Empirical relative % bias in estimates of finite mixture component means (MEAN1 and MEAN2) and log transformed standard deviations (LOG.SD1 and LOD.SD2). For each parameter, the first boxplot corresponds to ML estimates, the second one corresponds to MDPD estimates, and the third one corresponds to WLEE estimates.
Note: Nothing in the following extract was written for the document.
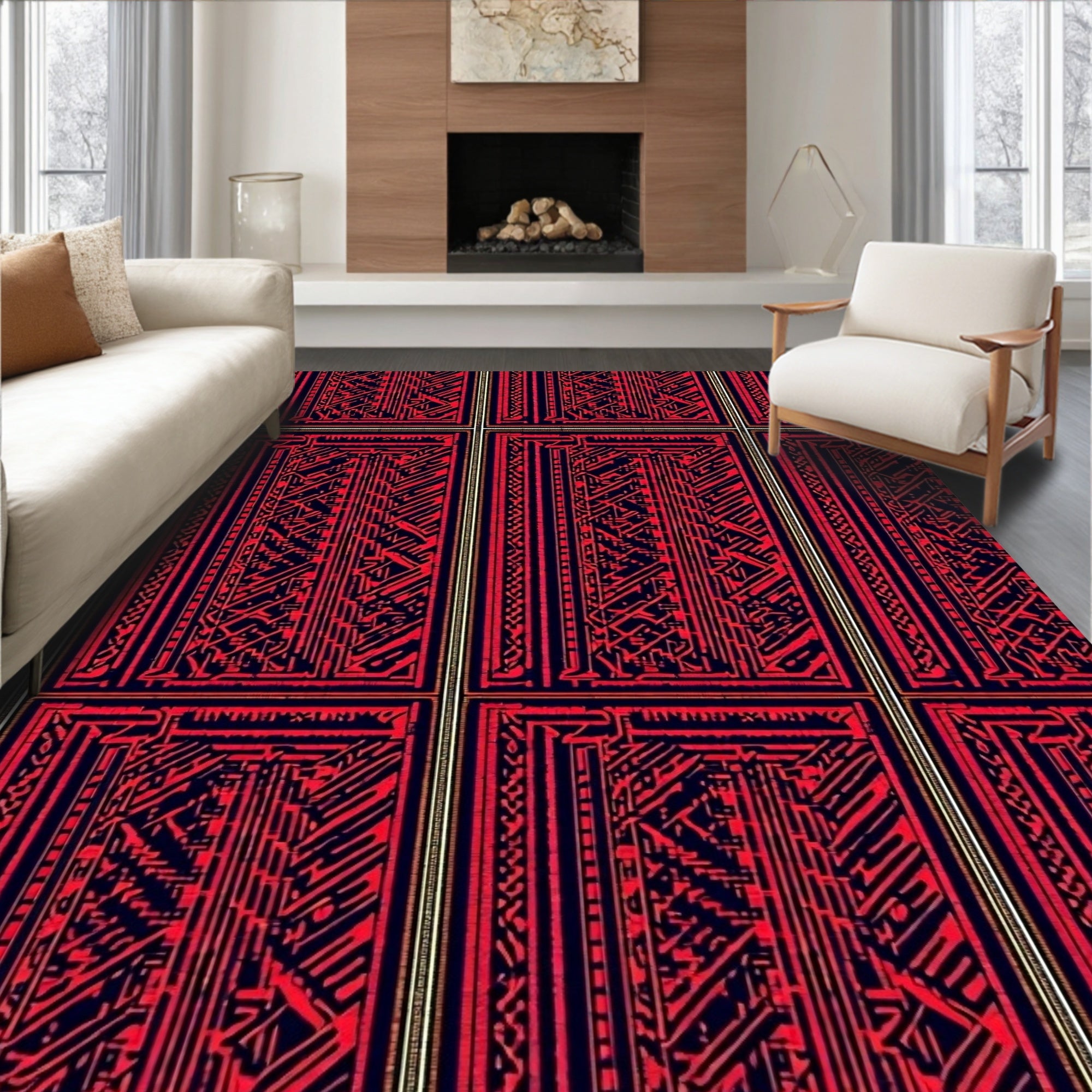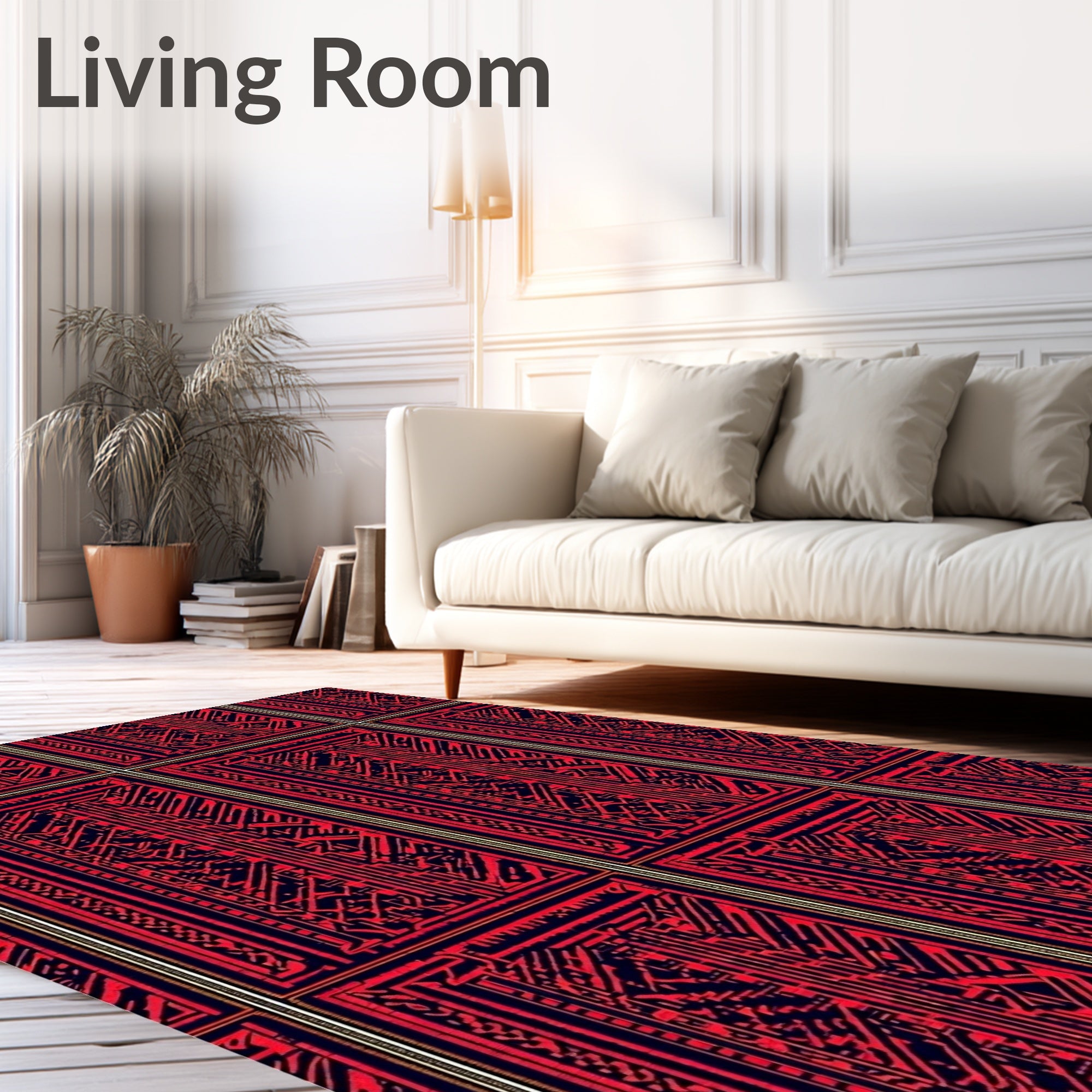 Ultra Soft Area Rug, Non Slip, Stain Resistant, Washable Area Rugs for Living Room, Bedroom, Tartan Inspired with Layered Dark and Bright Contrasts(Red) Overview:

In contrast, results from the hierarchical models exhibit increases in relative bias consistent with the introduced contamination. For the scenario with the left side contamination, the estimates of the first component parameters (μ1 and ln σ1) are generally biased. However, the bias is largest while using the ML stage 1 estimates, and the smallest while using the WLEE stage 1 estimates. For the scenario with the right side contamination, the estimates of the second component parameters are biased when based on the ML and MDPD stage 1 estimates (more heavily for ML estimates, as expected) and essentially unbiased when based on the WLEE stage 1 estimates. Slightly different results for the left and right side contaminations based on WLEE stage 1 estimates suggest that WLEE more efficiently down weighs the more extreme outliers. Overall, our simulation study demonstrates that most accurate estimation of the population finite mixture parameters is achieved by using an appropriate hierarchical model (rather than “naive” basic approach ignoring clustering) with the WLEE stage 1 estimation.

5 Analysis of the tendon fibril diameter data

The tendon fibril data were collected to study an effect of a specific genetic mutation, decorin-deficiency, on the process of collagen fibrillogenesis. The tendon fibril diameters were measured in 6 wild type and 6 decorin-deficient 4 day old animals with 5 microscopic fields per animal. Each microscopic field yielded a sample of 204–528 fibril diameters with the median of 360 observations. Figure 1 shows histograms and kernel density estimates (Gaussian kernel) for conditional distributions in sample microscopic fields. Generally bimodal distributions support the biological hypothesis of two subpopulations of fibril diameters for four day mice. The first subpopulation is viewed as a subpopulation of small diameter protofibrils, which is present in different proportions in all ages [25]. The second is a subpopulation of actively growing and/or fusing together fibrils. Therefore, we model the tendon fibril diameters data using model (1) with 2 normal components.

The goal of our analysis is to compare the means and the standard deviations of the corresponding subpopulations (components in the mixture) between wild type and decorin-deficient animals. The variability in mixing proportions is viewed as reflection of the small variability in animal ages and sampling variability from different parts of the tendon. It is biologically plausible to assume that subpopulations have normal distributions. Meanwhile, using robust estimators of conditional finite normal mixtures should provide less biased estimates of location and scale of the mixture components even if their distributions are not quite normal.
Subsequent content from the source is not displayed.